Remember that one Justice League episode where the Flash and Lex Luthor switched bodies, and Flash declared that he wasn’t going to wash his hands “cuz I’m evil”? That was more evil than Cruella.

“The Eternals” should have been a TV show (not much in the way of spoilers)

I kind of went off the Marvel Cinematic Universe after Avengers: Endgame, primarily because it bid farewell to most of the original Avengers who made the brand what it was, while ushering in an era of much, much lesser superheroes. It also was when Marvel started spewing out Disney+ TV shows like a geyser, and so far all of them have had serious issues of varying degrees.

But there is one Marvel show that should have been a TV show, and that’s The Eternals.

I admit that I am only about halfway through this Chloe Zhao superhero movie, but I sincerely doubt that it’s going to turn around and suddenly blow me away in the second half. It is, to put it simply, plodding. It just trudges along rather than sweeping the audience in its wake, never making you excited about anything that happens. Even when something shocking or cataclysmic occurs… you don’t feel it.

In the first half of the movie, there is a horrifying revelation about the protagonists, their natures, their mission, their very existence and everything they believed about themselves… and their general attitude towards this is, “Aww, that sucks a little.” It is so anticlimactic, and it just made me even more indifferent to most of these characters, most of whom are generic (Thena, Sersi), bland (Ikaris) or annoying (Sprite, Druig).

Remember when Captain America discovered that HYDRA had been infesting SHIELD for the past seventy years, and had corrupted it completely from within? That was a shocking moment, and it held the weight of its import. But I don’t feel that with The Eternals.

I should care. It doesn’t make me care.

Part of the problem is just that Chloe Zhao’s direction is very uninspired, and the script is extremely meh. It’s just boring. But even if there was some pep and zing in this movie, it would still have some serious issues that need to be addressed… and most of those could have been handled by making it a TV series rather than a movie. Ten, maybe twelve episodes could have told the same story, but with more meat on its bones.

Part of the problem is that the main cast is too large. Look at the Guardians of the Galaxy – they have five members of their main cast, and a small number of supporting characters bouncing off them. Each of the Guardians has a distinct personality that complements or conflicts with every other member, and the cast is small enough that nobody gets lost in the shuffle. This is not the case with The Eternals – there are too many Eternals in the main cast, and thus there isn’t time enough to explore any of them except maybe Sersi. Most of them are extremely underdeveloped, and I just ended up thinking of them as “the Superman clone” or “the guy who looks like Credence Barebone” or “the little annoying one.” The only character traits that really set them apart were that some of them were very bitter and pissy.

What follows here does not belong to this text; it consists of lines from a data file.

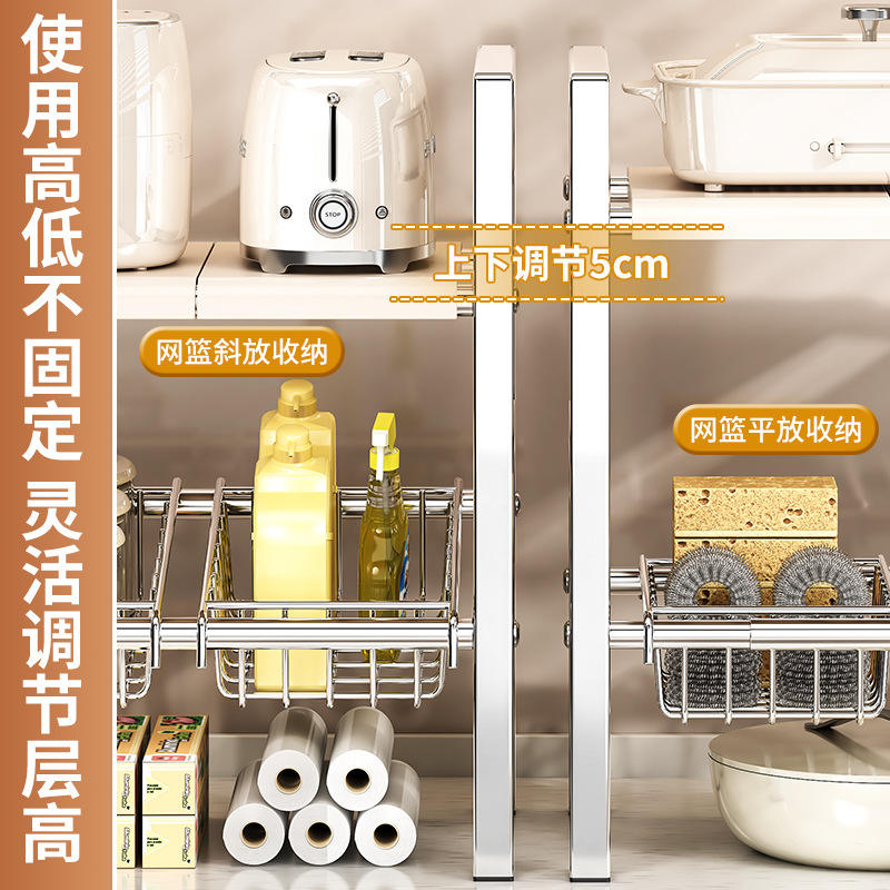 ชั้นวางของในครัวสแตนเลส Sea Shark แบบยืดหดได้หลายชั้นอเนกประสงค์สำหรับจัดเก็บอุปกรณ์ทำครัว
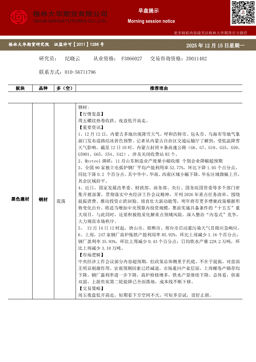 格林大华期货-早盘提示~焦煤、焦炭-251212
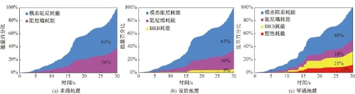 项目中消能装置数量及发挥耗能情况如表2所示。其中,黏滞阻尼伸臂和黏滞阻尼墙在小、中、大震作用下均发生耗能作用;金属耗能连梁和屈曲约束支撑在小震作用下仅提供刚度,在中、大震作用下进入屈服耗能,保证结构在中、大震作用下的抗震性能;随着地震烈度的增加,钢连梁和屈曲约束支撑陆续参与耗能(图16),结构附加阻尼比随之增大,有效地保证了结构的抗震性能。
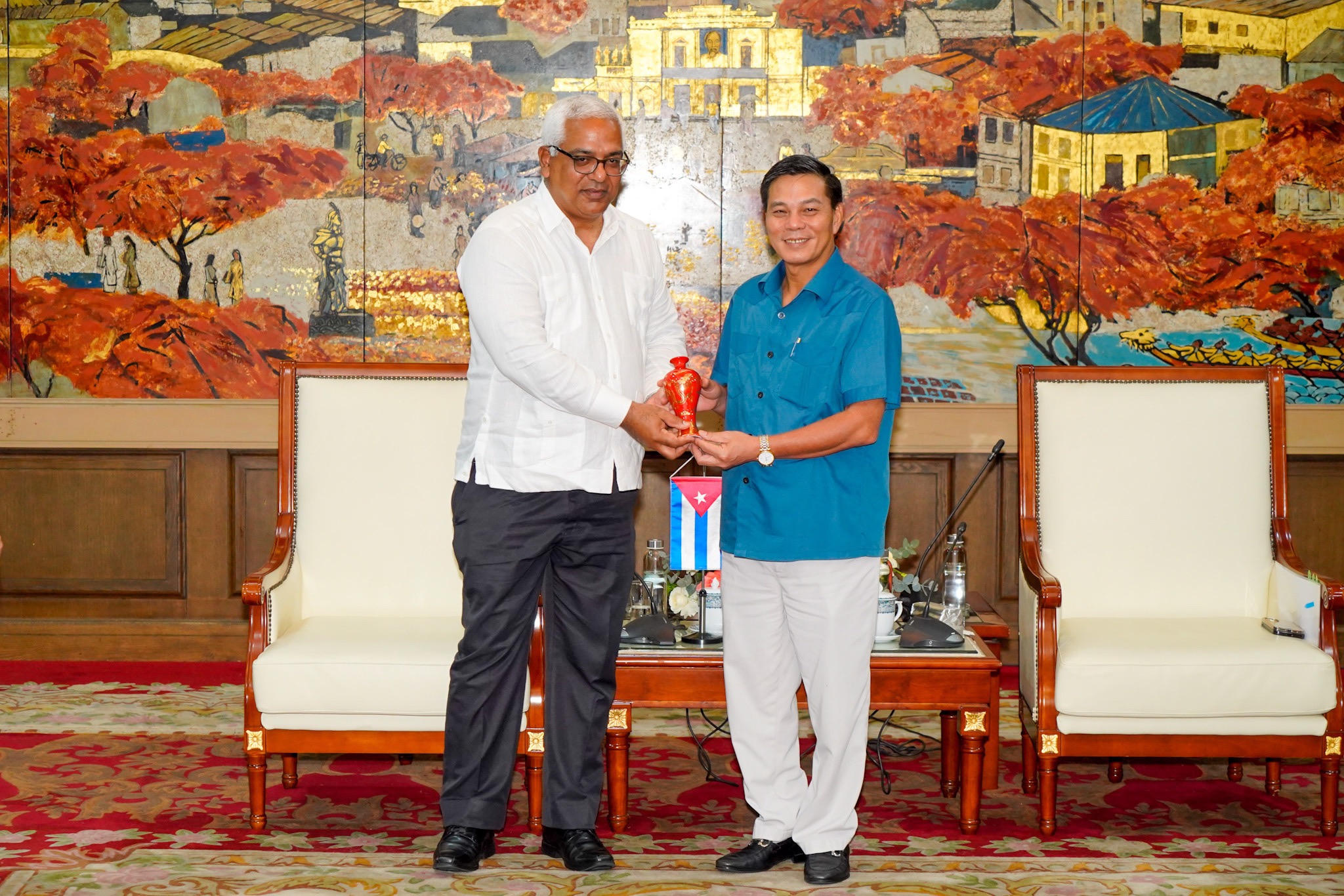 Chủ tịch UBND thành phố và Đoàn công tác Bộ Tư pháp Cuba trao tặng lưu niệm. |
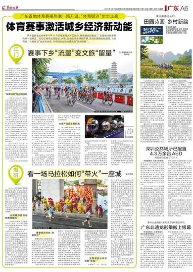 第十五届全运会将于今年11月在粤港澳大湾区举办,随着盛会的临近,广东各地体育赛事热潮一路升温。无论在城市还是县城、乡镇,运动的汗水肆意挥洒、竞技的激情处处激荡,与此同时,“体育经济”也步步走高,与
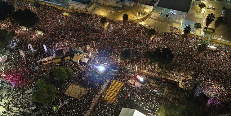 According to the report of Fars News Agency International Group, thousands of people held a demonstration in Tel Aviv on Saturday to express their support for the Osra family in Gaza and demanded an agreement for the release of all the prisoners.

This problem would probably be lessened in a TV format, where we could have episodes focusing more on the many different characters and what sets them apart from each other, as well as their feelings about their mission, their history, and the events of the story unfolding in the present. Maybe they could give Ikaris a personality.

The other problem is simple: the scope of the story is too big for a movie with this many characters. The Eternals have been on earth for seven thousand years, and supposedly have been defending and assisting humanity for most of that time. We get some flashbacks to their time in the past every now and then, but again, it feels pretty underdeveloped, and it doesn’t really give the feeling of those seven thousand years. We need more to really grasp it.

A TV show? You could introduce multiple glimpses of the past, all across the world, and you could work your way through those seven thousand years incrementally, all the way to the present, rather than hopping straight from 5,000 BC to the 1600s, with a ten-second wedding detour.

I admit I have not finished the movie yet, but the handling of it so far has not given me confidence that Chloe Zhao is suddenly going to give me a wild, exciting experience. It’s been dull and plodding, and all signs point to it continuing to be dull and plodding.